Training Overview. R-TAP proceeds in two stages. Stage 1 performs supervised learning on the Confidence Generator using binary correctness labels for each reasoning trajectory produced by the target model. Stage 2 applies RL with GRPO to optimize the model's reasoning behavior under recursive rewards, enabling the model to generate progressively more accurate and confident reasoning across cycles. During this stage, the Confidence Generator is trained simultaneously to predict reliable confidence scores for the updated model's responses in real time. Notably, the Confidence Generator is used only during training, so R-TAP introduces no additional inference-time cost.
🔍 Click to zoom in

Figure 5: Training curves showing the progression of three reward signals—recursively confidence increase reward, last answer's confidence reward, and accuracy reward—over iterations during GRPO. All rewards show consistent upward trends, indicating effective recursive refinement.
Key Results. R-TAP delivers strong and consistent performance improvements across diverse language and vision-language reasoning benchmarks.
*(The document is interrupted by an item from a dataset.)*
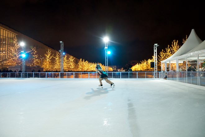 Για τρίτη συνεχόμενη χρονιά, το παγοδρόμιο ανεβάζει τον παλμό στον Χριστουγεννιάτικο Κόσμο του ΚΠΙΣΝ, με τους επίδοξους πατινέρ να στροβιλίζονται σε γιορτινούς ρυθμούς και τα παγοπέδιλα να παίρνουν φωτιά. Τοποθετημένο φέτος στην αρχή του Καναλιού, στο ύψος του Κέντρου Επισκεπτών, δίνει στους φίλους του κατεξοχήν χριστουγεννιάτικου σπορ την ευκαιρία να απολαύσουν μια μαγευτική θέα του χορού των Σιντριβανιών και του φωτισμένου Καναλιού «εκ των έσω».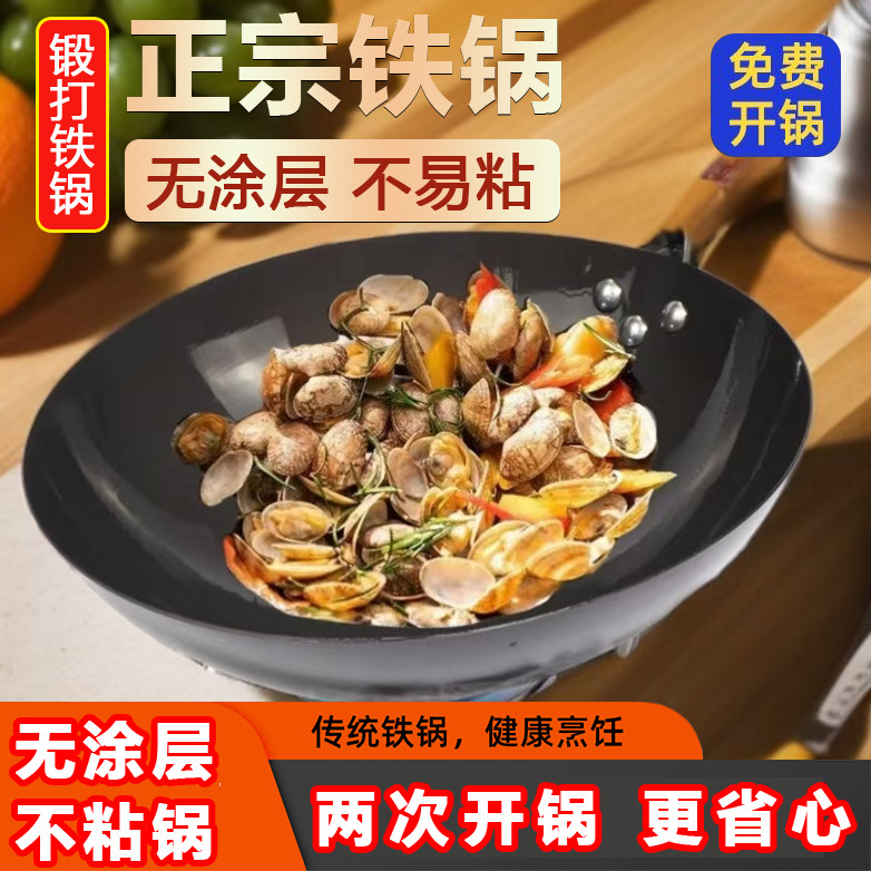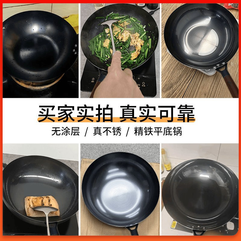 【新品】真正不粘鍋章丘炒菜鍋鐵鍋炒鍋衕款老式無塗層傢用燃氣竈適用一體

R-TAP-applied models show dramatic improvements, closing the gap to OpenAI o1 and o3 models. Moreover, recursive refinement leads to a substantial reduction in "Oops!"-style self-corrections during inference, indicating that R-TAP achieves more reliable yet faster inference-time reasoning with fewer failures along the trajectory. These results demonstrate that confidence-guided recursion training is a powerful mechanism for enhancing both the accuracy and inference speed of modern reasoning models.
🔍 Click to zoom in

Figure 6: Impact of R-TAP on reducing the number of "Oops"-style words—which corresponds to the number of erroneous reasoning—and its effect on substantially reducing inference time. (Left) Negative correlation between the number of erroneous reasoning and R-TAP train iterations. (Center) Evaluation result on the significant reduction of erroneous reasoning by applying R-TAP. (Right) Evaluation result on the substantial reduction of inference time due to the reduction of erroneous reasoning by applying R-TAP.